Sally71
New Member

Self-employed

It is true that for income tax purpose you can only use the declining balance, it is a tax rule.  It is a good choice to decide on the declining balance for accounting purpose in Quickbooks, for consistency.
To answer your first question about the remaining value left at the end, you need to continue the depreciation, and when you reach the last year, there will be a negative amount.  As we cannot have a negative value, the software will change this to zero 0.  With the straight line you are suppose to be using a salvage value.
This is the link to the guide for business tax return, which also include CCA: http://www.cra-arc.gc.ca/E/pub/tg/t4002/t4002-13e.pdf It is from Canada Revenue.
To answer your second question, both, depreciation and CCA, approach are very different and the number of years could very well vary.  With the straight line method you expense the same amount every year, and it is going to zero value much faster.  With the declining balance, it is 55% of the value that is left, therefore it is never the same amount that you expense every year.
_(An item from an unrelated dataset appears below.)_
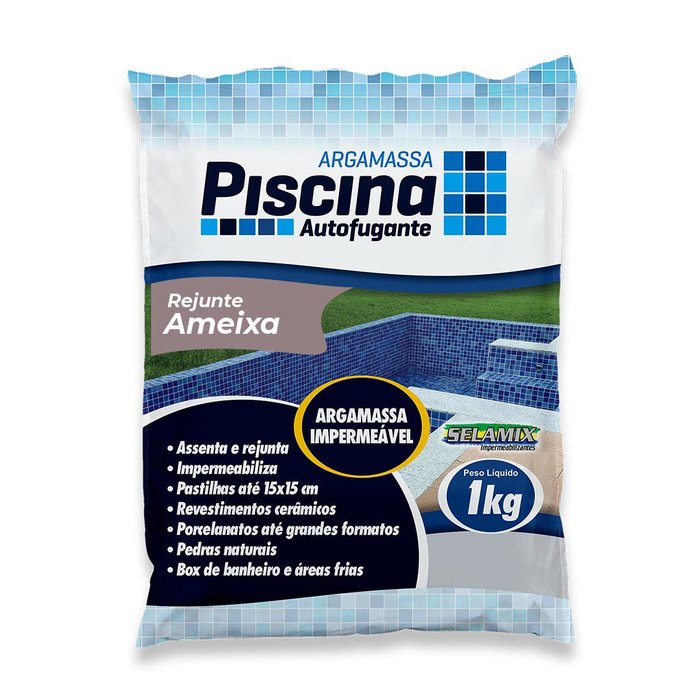 Rejunte Piscina Impermeável é destinado ao rejuntamento de pastilhas, revestimentos cerâmicos, porcelanatos de médios e grandes formatos, e pedras naturais. Possui alta aderência e resistência, produto inodoro e não tóxico. Pode ser aplicada em ambientes internos e externos. Atende aos requisitos das normas ABNT NBR14992, como argamassa de rejuntamento Tipo II.

Example: with declining balance, you expense your car that you use for business, the rate is 30%, on tax return.  You bought your car $10,000; calculation for first year 10,000 x 30% x 1/2 (half year rule) = $1,500.  The value of your car is $10,000 minus 1,500= $8,500.  Second year: undepreciated value: $8,500 x 30% = $2,550.  Value year 2 $8,500 - 2,550.  You see that it can take more time with declining balance.